BULK TESTING FOR LOW-CONTENT INDP
Bulk lot testing may be preferable for low-content INDP in lieu of finished product testing to allow larger sample sizes that are representative of the batch, without unduly increasing the risk of inadvertent microbial contamination. Bulk testing can be performed on the bulk powder or liquid formulation just before filling. If bulk testing is performed in lieu of finished product testing, then manufacturing processes following bulk sampling (e.g., filling and packaging) must be validated in accordance with current good manufacturing practice (CGMP) for their ability to prevent microbial contamination. For microbial enumeration tests, at least 10 g or 10 mL of bulk material, or, for specified microorganisms tests, 1 g or 1 mL of bulk material may be sampled. For small batch sizes (i.e., less than 1000 g or 1000 mL), the recommended sample size is 1% of the batch for both microbial enumeration and specified microorganisms tests.

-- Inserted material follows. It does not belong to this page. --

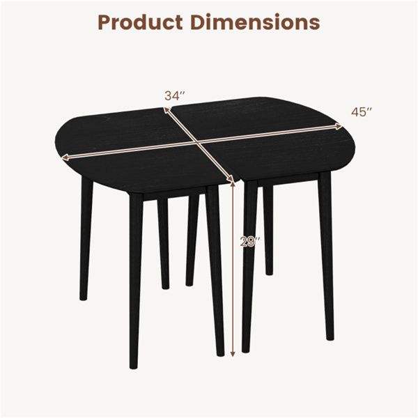 Juego de Mesa de Comedor Convertible Negra de 45 Pulgadas, 2 Mesas Semicirculares Extensibles a Ovaladas, con Capacidad para 4-6 Personas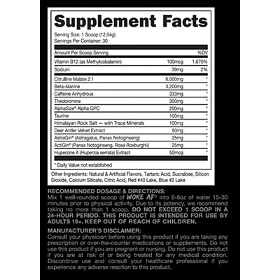 Woke AF is our highest stimulant pre-workout. It’s for the insane, the insatiable, and those who refuse to accept anything less than reaching energy levels over 9,000. It’s formulated with clinically studied ingredients (at their clinical doses) to help deliver pump, endurance, focus, and performance.* But that’s just the quality you expect from any Bucked Up product. What’s truly astonishing about Woke AF is the combination of stimulants.

SAMPLING METHODS FOR HIGH-CONTENT INDP
Dry Powder Inhalers
DPIs have an internal reservoir that contains a sufficient quantity of formulation for multiple doses that are metered by the device itself during activation by the patient. For DPIs, appropriate validated procedures should be used to sample a nonsterile drug product container.
Consider safety issues related to both inhalation of the drug substance and the potential of a flammability hazard. Avoid contamination of samples by employing aseptic techniques whenever necessary.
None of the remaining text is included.